# Syllabus Cover



## talha qureshi (Jun 5, 2013)

guys what is everyones progress of especially of physics???


----------



## robotsyntex (Jun 5, 2013)

in simple words Zerooooooooooooooooooooooo


----------



## annie khan (Nov 10, 2012)

Poorest


----------



## KRRISH (Oct 6, 2012)

here is maximum.... physics is most intresting subject..... you can derive formula to solve mcqs


----------



## H.madiha (Jun 7, 2013)

not much progress till after 40 days


----------



## Bhattiipad (Jul 17, 2013)

Hallo


----------



## Amna Amir (Apr 1, 2013)

same is the case here...
 no satisfactory preparation


----------



## talha qureshi (Jun 5, 2013)

iam very worried about physics.iam in kips where they tell us about extremely difficult mcqs............does such difficult mcqs come in mcat???also the waves chapter in which there is shm is also very difficult


----------



## Palwasha Afridi (Jul 17, 2012)

not good


----------



## H.madiha (Jun 7, 2013)

not much difficult mcqs come in physics just do simple straightforward concepts of books and some additional concepts related to topic which cover your topic clear your concepts .doont overburden yourself ...thanku


----------



## Muhammad Imran (Nov 18, 2012)

ninety percent mcqs can be declared as EASY. five percent as little bit a tough:? and remaining five percent as extraordinarily outstanding:red:. 
mcat is mainly technical fight of nerves. merit determining step will be last Half an hour of mega day from 11 to 11:30am where hit and trial , technical ,selective choosing of either correct answer will lead one to a higher position or to a lower rank . that phase will be the rate determining phase,the real exam of nerves


----------



## talha qureshi (Jun 5, 2013)

what is the progress of chemistry???


----------



## Hooria Qureshi (Oct 3, 2012)

talha qureshi said:


> what is the progress of chemistry???


physics and chemistry both of them are going just SO SO .... i dnt knw y :?  i hate solving things especially in physics by the way m also in kips rwp campus.........


----------



## AbraDabra (Feb 5, 2012)

Well, I will be finishing up with KIPS in just a week or two [thank God] and I've already engaged private tutors for Physics, might hire one for chemistry as well.

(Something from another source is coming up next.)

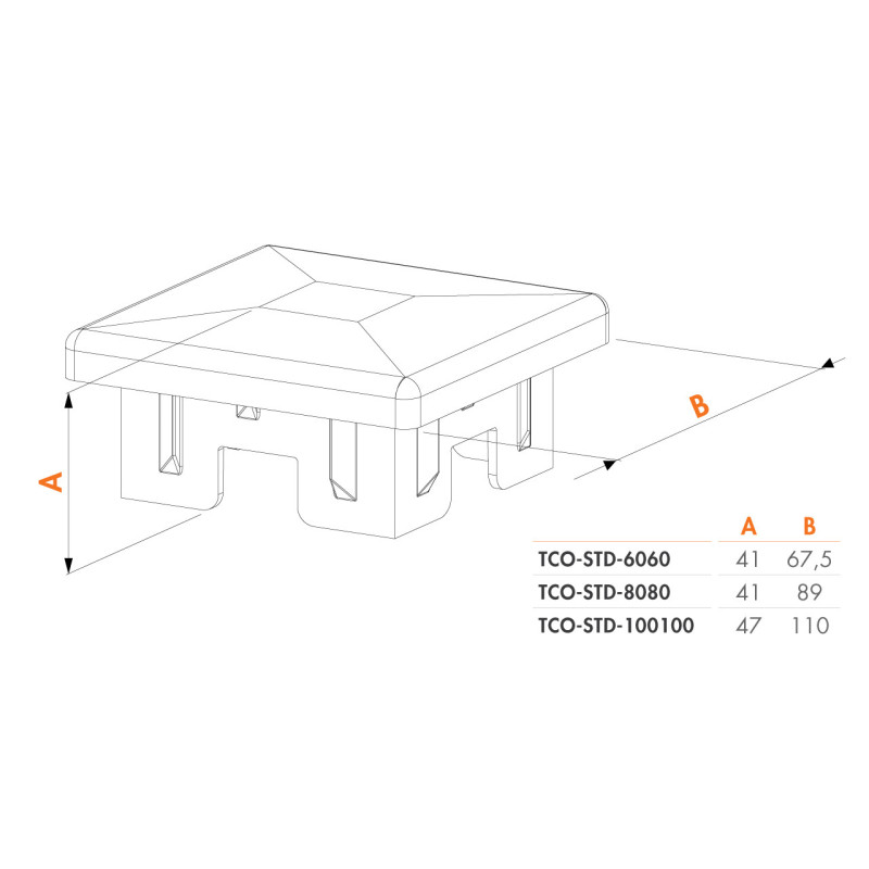 Polypropylenová čtvercová stříška chrání horní okraj sloupku.

God help me


----------



## talha qureshi (Jun 5, 2013)

Hooria iam in kips lahore johar town.what is the progress of mcat vocublary??


----------



## Hooria Qureshi (Oct 3, 2012)

talha qureshi said:


> Hooria iam in kips lahore johar town.what is the progress of mcat vocublary??


vocab is also a kind of trial ...for eg when i do 20 words and jump towards the other 20..the previous words use to fly away from my mind :? ... what about urs ?? @talha qureshi ??


----------



## Mariamumtaz (Jun 26, 2013)

please friends tell how to prepare for organic chemistry?????any tips and advices????????PLEASE


----------



## Iram Shaheen (Jul 24, 2013)

Totally confused, i don't understand how to prepare physics, the time is running and i am very much worried about my syllabus :?


----------